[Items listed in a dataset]

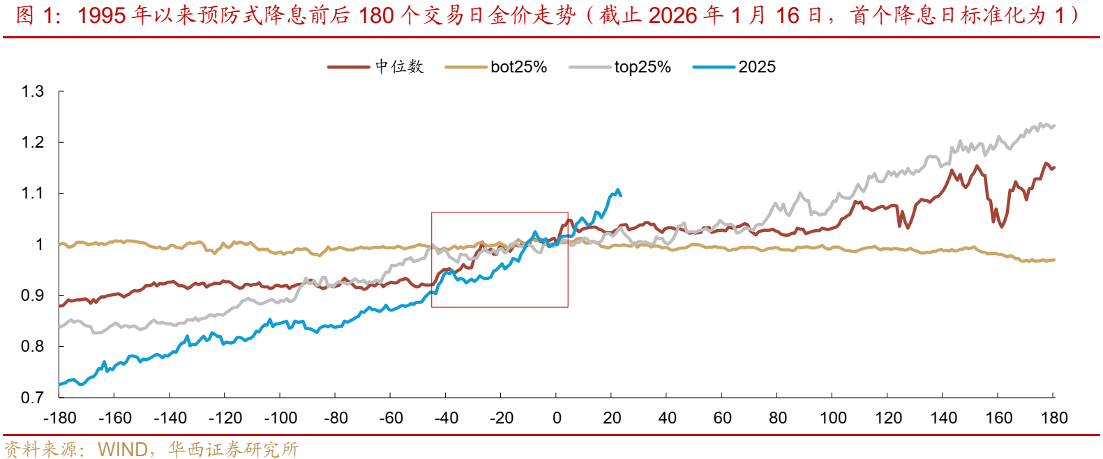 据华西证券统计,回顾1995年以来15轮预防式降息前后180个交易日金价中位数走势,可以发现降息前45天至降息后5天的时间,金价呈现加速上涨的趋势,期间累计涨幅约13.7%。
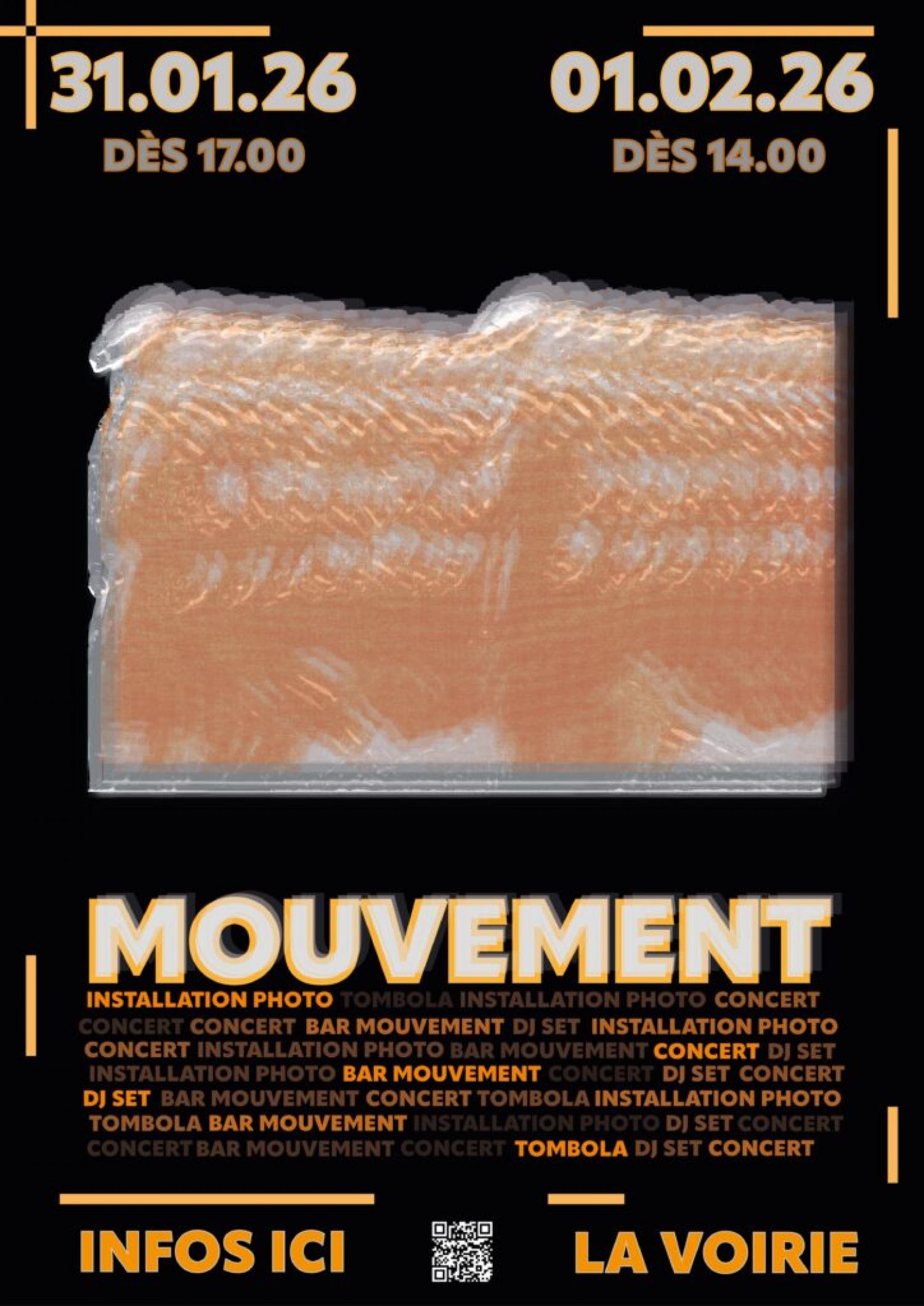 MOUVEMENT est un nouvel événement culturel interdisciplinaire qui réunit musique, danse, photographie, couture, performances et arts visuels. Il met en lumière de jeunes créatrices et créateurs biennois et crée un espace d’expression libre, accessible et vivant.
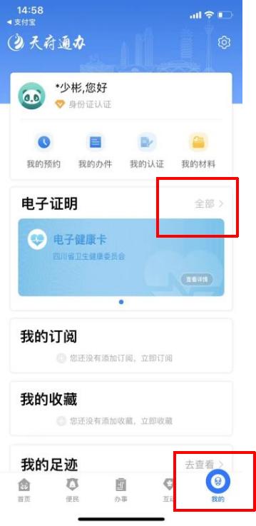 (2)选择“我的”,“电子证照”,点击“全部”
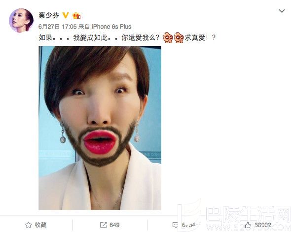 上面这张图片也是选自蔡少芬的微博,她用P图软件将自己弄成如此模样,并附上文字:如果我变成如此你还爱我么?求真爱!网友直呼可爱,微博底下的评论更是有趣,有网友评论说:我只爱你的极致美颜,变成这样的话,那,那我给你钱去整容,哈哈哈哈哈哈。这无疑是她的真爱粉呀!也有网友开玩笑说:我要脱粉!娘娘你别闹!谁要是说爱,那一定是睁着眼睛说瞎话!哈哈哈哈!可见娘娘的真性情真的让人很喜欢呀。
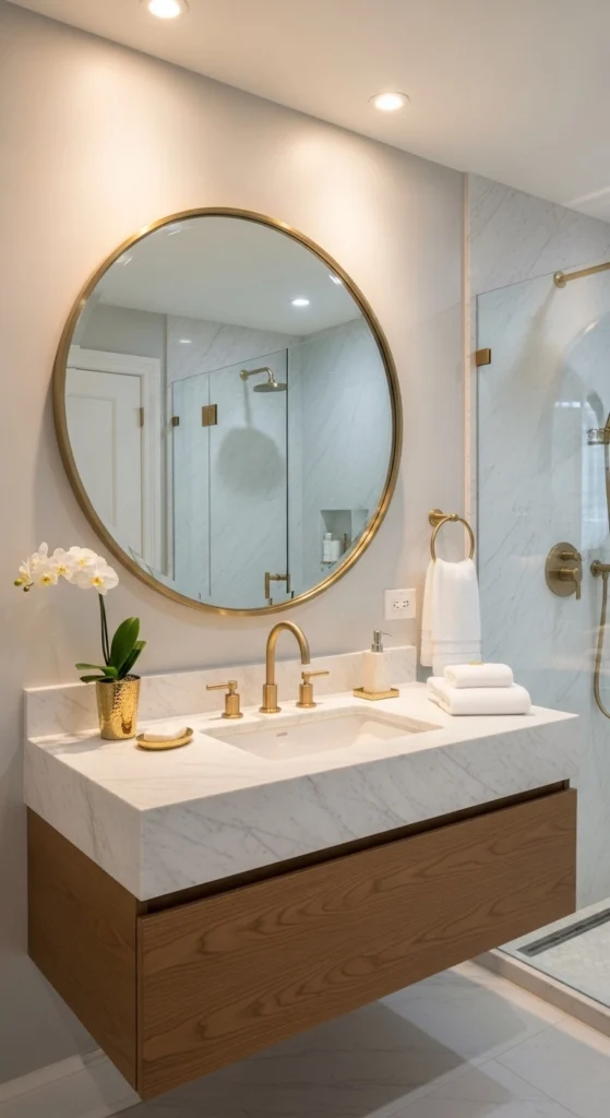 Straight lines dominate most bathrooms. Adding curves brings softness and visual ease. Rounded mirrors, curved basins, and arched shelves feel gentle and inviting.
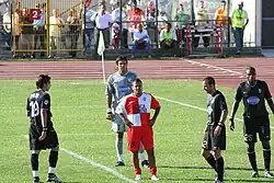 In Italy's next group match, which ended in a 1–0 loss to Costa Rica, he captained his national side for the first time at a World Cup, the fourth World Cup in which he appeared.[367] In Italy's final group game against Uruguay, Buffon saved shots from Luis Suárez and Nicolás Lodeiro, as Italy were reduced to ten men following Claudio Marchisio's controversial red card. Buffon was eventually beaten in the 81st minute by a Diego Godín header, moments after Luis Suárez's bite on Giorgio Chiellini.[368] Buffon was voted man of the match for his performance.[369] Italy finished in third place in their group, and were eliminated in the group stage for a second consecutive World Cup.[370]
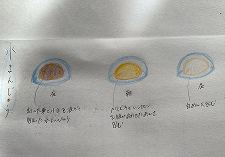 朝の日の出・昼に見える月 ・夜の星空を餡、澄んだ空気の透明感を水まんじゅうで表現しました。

• [Task statement]: Copy word for word only the lines above from the one with "MOUVEMENT est un" through the one with "上面这张图片也是选自蔡少芬的". Leave pictures out.

• [Written response]:
 MOUVEMENT est un nouvel événement culturel interdisciplinaire qui réunit musique, danse, photographie, couture, performances et arts visuels. Il met en lumière de jeunes créatrices et créateurs biennois et crée un espace d’expression libre, accessible et vivant.
 (2)选择“我的”,“电子证照”,点击“全部”
 上面这张图片也是选自蔡少芬的微博,她用P图软件将自己弄成如此模样,并附上文字:如果我变成如此你还爱我么?求真爱!网友直呼可爱,微博底下的评论更是有趣,有网友评论说:我只爱你的极致美颜,变成这样的话,那,那我给你钱去整容,哈哈哈哈哈哈。这无疑是她的真爱粉呀!也有网友开玩笑说:我要脱粉!娘娘你别闹!谁要是说爱,那一定是睁着眼睛说瞎话!哈哈哈哈!可见娘娘的真性情真的让人很喜欢呀。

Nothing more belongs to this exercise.